The regulator in question: NCP161AFCT330T2G. We use it in a USB device to convert 5V to 3V. The device will only be used at room temperature.

It says in the datasheet: “The value of the input capacitor should be 1 µF or greater to ensure the best dynamic performance.” About the output capacitor however it says: “The recommended capacitor value is 1 µF.”

Is there a reason to not explicitly recommend values higher than 1 µF for the output capacitor? I am asking because we use a lot of 10 µF capacitors (MLCC imperial 0402) on the PCB and I would like to just use 10 µF capacitors for the input and output capacitors of the regulator as well (would simplify the BOM), instead of the 1 µF capacitors the regulator datasheet is calling for (for those 1 µF capacitors I would use MLCC imperial 0402 as well by the way). Are there any drawbacks of using 10 µF capacitors instead of 1 µF capacitors when literally the only difference is the capacitance?

Answer 1

It depends on the capacitor.

First of all, the datasheet does say that larger output capacitor improves response for changing loads.

But your capacitor is so small in physical size, that due to size, a matching size 1uF could be better than 10uF. Unless the voltage rating is much more than the required 3.3V,.the capacitance will significantly drop due to DC bias.

The final thing is USB specs though. It only allows for 10uF at the device input to limit surge current. Using a 10uF at the input and another 10uF at the output of the regulator could easily exceed allowable USB ratings. Also the high capacitance at the USB inlet port can cause significant voltage spikes and ringing when cable is plugged in unless dampening is taken care of, so be careful about the design.

Answer 2

A regulator (linear or switching) needs the output capacitor for two reasons: 1) transient handling and 2) regulator stability; people often only think of the first but stability is usually more important.

The specified size is the minimum required for stability. You would use a bigger cap for improved noise performance or transient tolerance. Often there are curves in the datasheet.

Also ceramics are really ugly on voltage derating so a 1µF/6V driven at 5V could have only like 500nF of effective capacitance (that's dependent mainly on dielectrics).
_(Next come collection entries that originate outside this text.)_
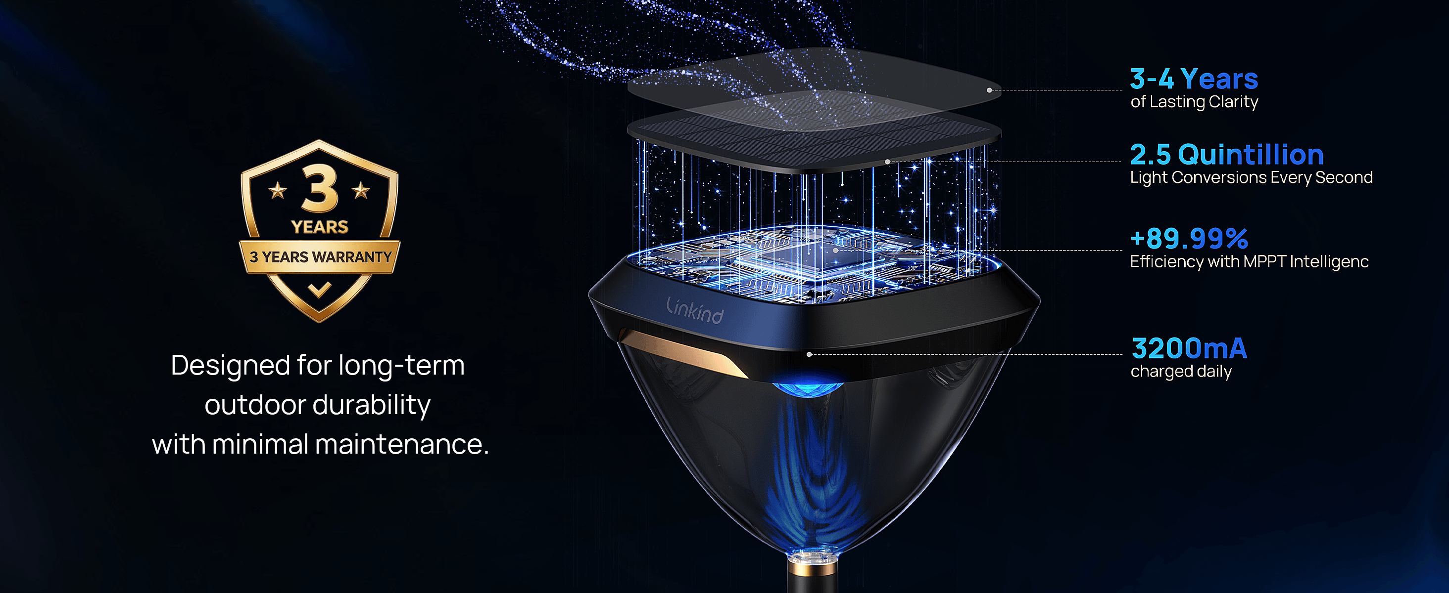 MPPT Tech and 1.8w large solar panel deliver high-lumen output with unmatched stability, ensuring solar path lights stay brighter longer—day or night, rain or shine.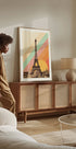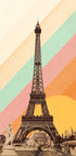 Poutavá retro-inspirovaná ilustrace Eiffelovy věže v Paříži na výrazném duhovém pruhovaném pozadí s teplým zlatým sluncem. Kombinace vintage fotografie a živého grafického designu vytváří nostalgické, ale moderní umělecké dílo inspirované cestováním, ideální pro milovníky Paříže, architektury a barevných dekorací stěn.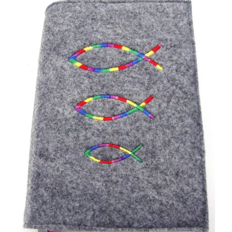 Gotteslobhülle handgefertigt Filz 3mm graumeliert bunte Regenbogenfische personalisierbar Name und Datum bestickt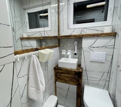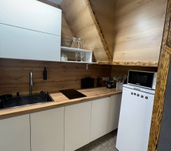 Особенность: двухъярусный семейный номер с кухней и отдельным входом, вид на лес и в сад, площадь 35 кв.м. 2 санузла с окнами!Дополнительное спальное место - это диван-кровать двухместный.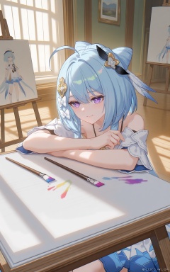 8k,best quality,masterpiece,(ultra-detailed),(high detailed skin),((artist:reoen),(artist:fuzichoco),(artist:atdan),(artist:torino_aqua),year 2024:0.8),[artist:wlop],[artist:ningen_mame],artist:ciloranko,[[artist:rhasta]],artist:tidsean,colorful,<lora:xl-ill-Griseo(Honkai Impact 3)-v1-000010:0.8>,easel,canvas \(object\),still life,griseo:xiamengruhui\(honkai impact 3\),1girl,solo,long hair,hair ornament,ahoge,blue hair,hair between eyes,purple eyes,smile,paintbrush,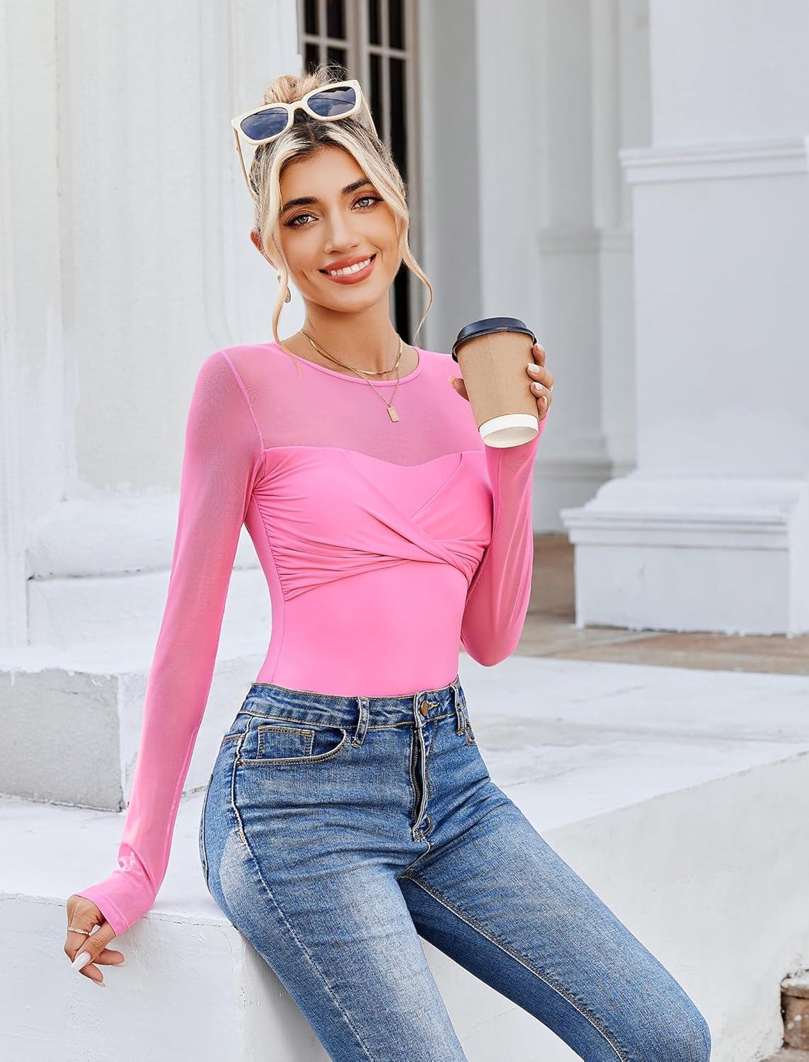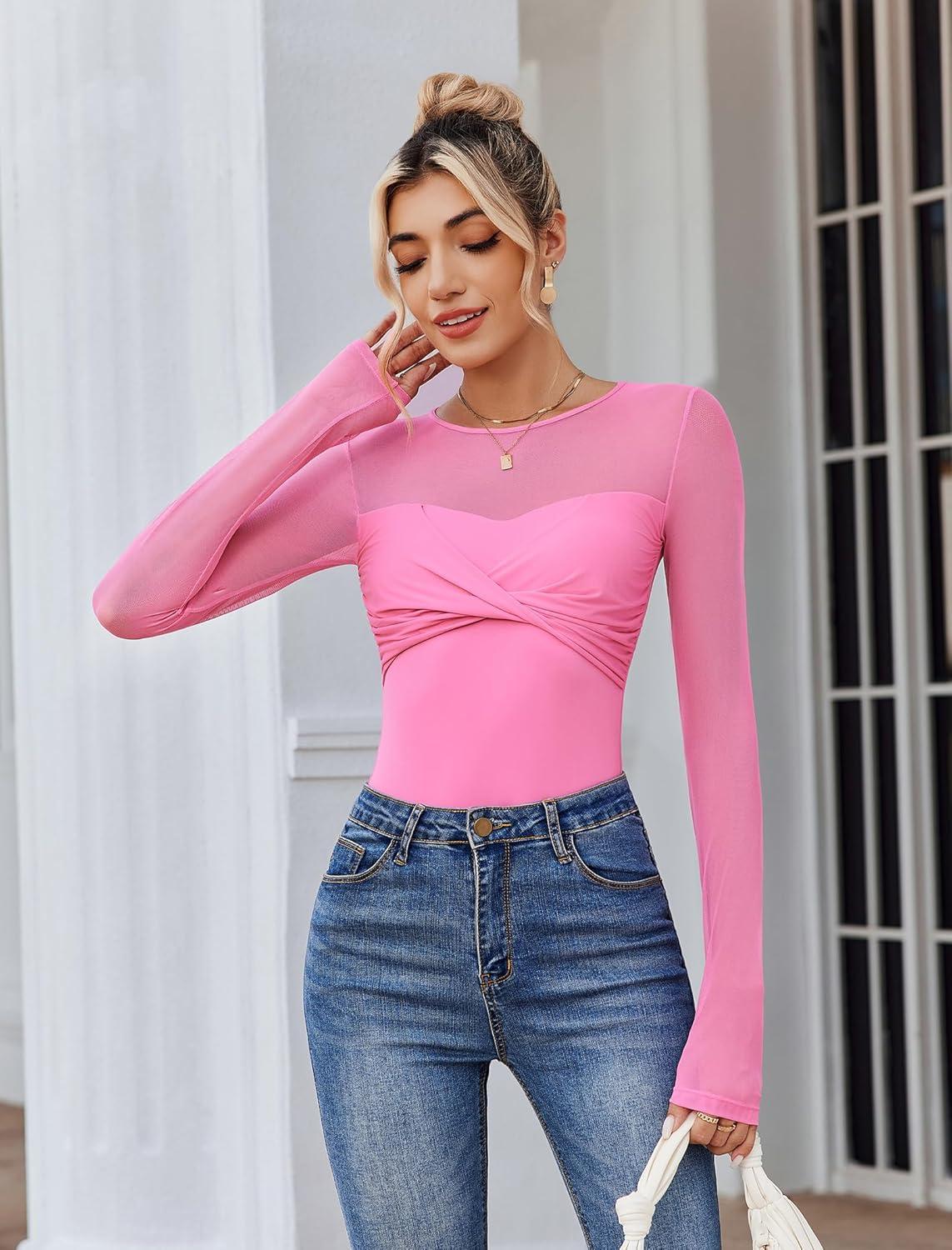 Avidlove Bodysuits for Women Long Sleeve Crew Neck Body Suit One Piece Sheer Leotard Twist Knot Going Out Tops(Hot Pink)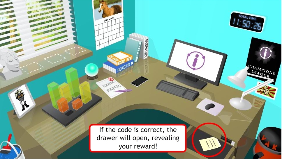 If the code is correct, the drawer will open. By clicking on the note, it will tell you what your reward is.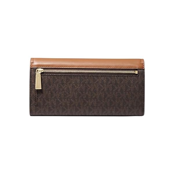 Wallet Logo-print canvas 89.4% coated canvas/9.6% polyester/1% polyurethane Trim: 100% leather Gold-tone hardware 8”W X 4.25”H X 1.5”D Exterior details: back zip pocket Interior details: 2 bill compartments, 12 card slots, center zip compartment Lining: 100% polyester Snap fastening Imported

Usually the minimum capacitance stated is the effective one, so you may need to derate.

However a bigger cap is bigger and more expensive, and also may have worse parasitics. Even on ceramics an 0402 has better ESL/ESR and it can be placed nearer to the part than an 0603. I had a regulator failing because the track was something like 0.5mm longer because I wanted to use an 0603 and support said "you must use an 0402 and put it like in the recommended layout". So study your datasheets carefully (regulator and capacitors).

One last thing: some (older) regulators actually need some ESR; for example to stabilise an LM1117 with ceramics I actually once put a 1 ohm resistor in series with the cap.

On the input side the capacitor is only needed to keep the regulator supplied under load transients (or its own transients, if it's a switcher) so there are usually fewer problems.

Answer 3

This is one of the better 0402 capacitors I could find for use at 3.3v:

For a typical cheap MLCC, you'll be lucky to get even 3uF at 3.3v bias in that package size, which is close enough to 1 uF that it doesn't matter.